### DATASET RECORDS
- - -

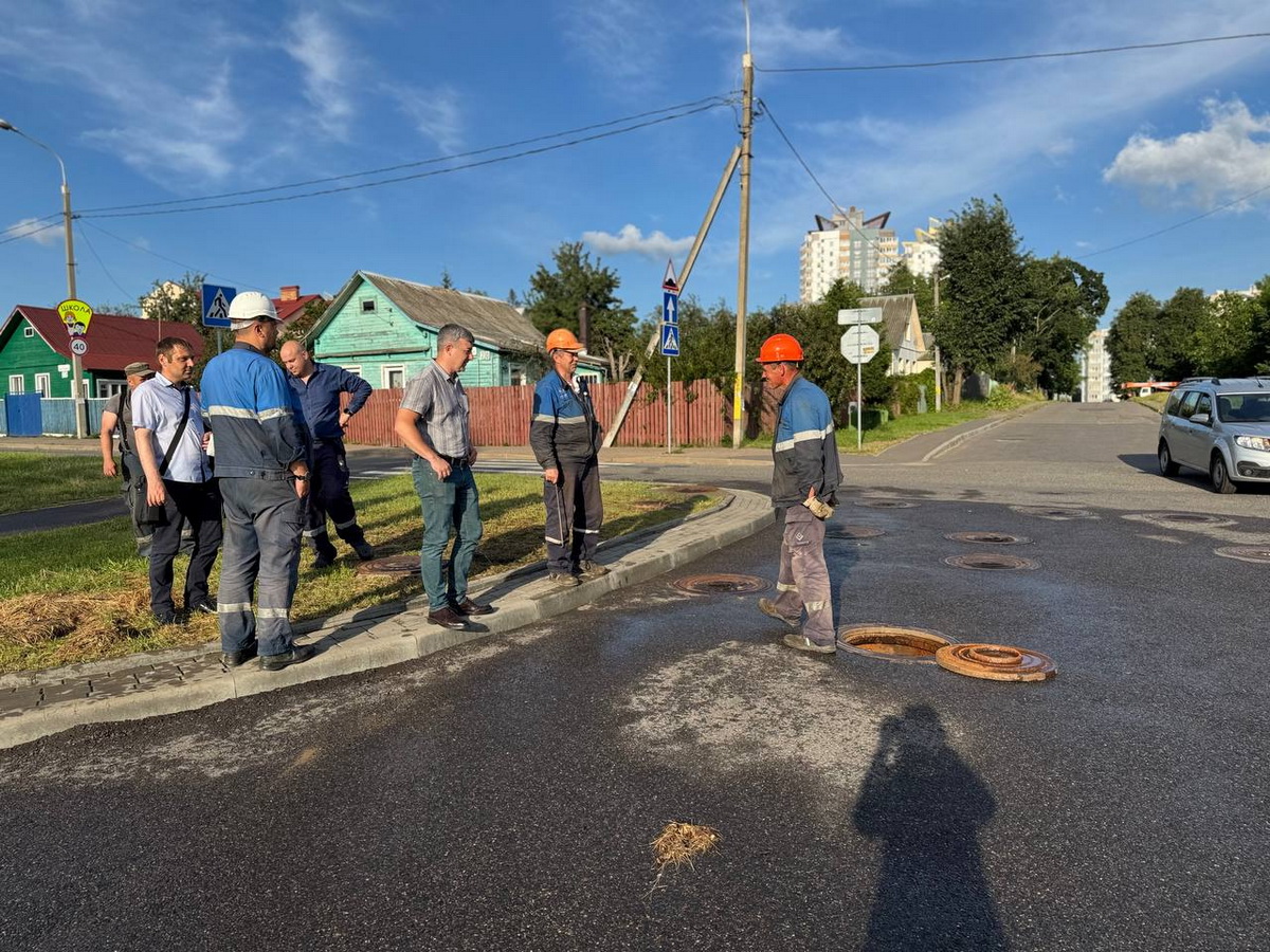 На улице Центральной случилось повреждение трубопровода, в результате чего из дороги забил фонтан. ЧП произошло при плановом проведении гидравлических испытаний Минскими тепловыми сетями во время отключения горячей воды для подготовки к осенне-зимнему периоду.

- - -

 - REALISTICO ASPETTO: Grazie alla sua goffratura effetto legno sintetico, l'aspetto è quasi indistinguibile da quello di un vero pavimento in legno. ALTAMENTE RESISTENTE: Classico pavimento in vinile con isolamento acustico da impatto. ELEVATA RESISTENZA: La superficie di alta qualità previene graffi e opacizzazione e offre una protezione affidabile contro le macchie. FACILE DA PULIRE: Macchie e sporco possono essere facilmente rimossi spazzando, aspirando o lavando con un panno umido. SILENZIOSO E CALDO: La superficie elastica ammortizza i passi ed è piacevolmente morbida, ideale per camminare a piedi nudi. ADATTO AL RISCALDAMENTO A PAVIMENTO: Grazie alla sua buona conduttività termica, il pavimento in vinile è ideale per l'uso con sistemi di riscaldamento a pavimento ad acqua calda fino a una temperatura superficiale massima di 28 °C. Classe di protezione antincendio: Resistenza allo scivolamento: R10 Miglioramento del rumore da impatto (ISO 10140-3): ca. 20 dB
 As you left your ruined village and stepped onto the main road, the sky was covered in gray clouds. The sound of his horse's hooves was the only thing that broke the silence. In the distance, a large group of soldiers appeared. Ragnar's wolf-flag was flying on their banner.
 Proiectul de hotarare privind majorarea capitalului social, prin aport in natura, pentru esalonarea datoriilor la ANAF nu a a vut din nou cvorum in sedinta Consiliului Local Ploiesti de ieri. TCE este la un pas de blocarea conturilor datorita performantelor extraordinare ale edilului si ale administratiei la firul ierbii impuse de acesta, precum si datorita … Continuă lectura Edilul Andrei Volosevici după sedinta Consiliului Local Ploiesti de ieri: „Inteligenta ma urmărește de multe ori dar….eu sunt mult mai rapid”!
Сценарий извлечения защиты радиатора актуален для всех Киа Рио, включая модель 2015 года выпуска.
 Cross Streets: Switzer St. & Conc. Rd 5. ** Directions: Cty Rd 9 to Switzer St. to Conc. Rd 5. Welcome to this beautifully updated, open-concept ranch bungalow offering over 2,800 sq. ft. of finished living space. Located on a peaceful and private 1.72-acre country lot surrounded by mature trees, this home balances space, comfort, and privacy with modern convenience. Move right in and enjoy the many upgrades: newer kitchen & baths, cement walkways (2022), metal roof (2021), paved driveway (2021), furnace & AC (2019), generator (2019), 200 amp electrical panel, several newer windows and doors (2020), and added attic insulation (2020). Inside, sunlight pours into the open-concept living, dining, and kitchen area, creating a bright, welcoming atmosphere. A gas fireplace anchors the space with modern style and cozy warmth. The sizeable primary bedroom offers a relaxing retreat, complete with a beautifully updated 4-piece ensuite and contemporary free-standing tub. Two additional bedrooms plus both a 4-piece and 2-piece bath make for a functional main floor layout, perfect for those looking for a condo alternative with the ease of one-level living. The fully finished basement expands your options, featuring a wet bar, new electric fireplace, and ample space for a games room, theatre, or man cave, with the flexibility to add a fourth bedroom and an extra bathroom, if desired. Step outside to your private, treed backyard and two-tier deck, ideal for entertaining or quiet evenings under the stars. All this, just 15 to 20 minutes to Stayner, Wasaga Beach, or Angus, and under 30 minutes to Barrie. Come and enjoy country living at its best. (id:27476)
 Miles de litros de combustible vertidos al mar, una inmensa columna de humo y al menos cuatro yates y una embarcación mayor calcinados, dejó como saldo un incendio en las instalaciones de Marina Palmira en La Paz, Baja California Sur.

- - -

### TASK DESCRIPTION
Copy each line of the entries in which the string "main" is found.

### SOLUTION TO THIS TASK
 As you left your ruined village and stepped onto the main road, the sky was covered in gray clouds. The sound of his horse's hooves was the only thing that broke the silence. In the distance, a large group of soldiers appeared. Ragnar's wolf-flag was flying on their banner.
 Cross Streets: Switzer St. & Conc. Rd 5. ** Directions: Cty Rd 9 to Switzer St. to Conc. Rd 5. Welcome to this beautifully updated, open-concept ranch bungalow offering over 2,800 sq. ft. of finished living space. Located on a peaceful and private 1.72-acre country lot surrounded by mature trees, this home balances space, comfort, and privacy with modern convenience. Move right in and enjoy the many upgrades: newer kitchen & baths, cement walkways (2022), metal roof (2021), paved driveway (2021), furnace & AC (2019), generator (2019), 200 amp electrical panel, several newer windows and doors (2020), and added attic insulation (2020). Inside, sunlight pours into the open-concept living, dining, and kitchen area, creating a bright, welcoming atmosphere. A gas fireplace anchors the space with modern style and cozy warmth. The sizeable primary bedroom offers a relaxing retreat, complete with a beautifully updated 4-piece ensuite and contemporary free-standing tub. Two additional bedrooms plus both a 4-piece and 2-piece bath make for a functional main floor layout, perfect for those looking for a condo alternative with the ease of one-level living. The fully finished basement expands your options, featuring a wet bar, new electric fireplace, and ample space for a games room, theatre, or man cave, with the flexibility to add a fourth bedroom and an extra bathroom, if desired. Step outside to your private, treed backyard and two-tier deck, ideal for entertaining or quiet evenings under the stars. All this, just 15 to 20 minutes to Stayner, Wasaga Beach, or Angus, and under 30 minutes to Barrie. Come and enjoy country living at its best. (id:27476)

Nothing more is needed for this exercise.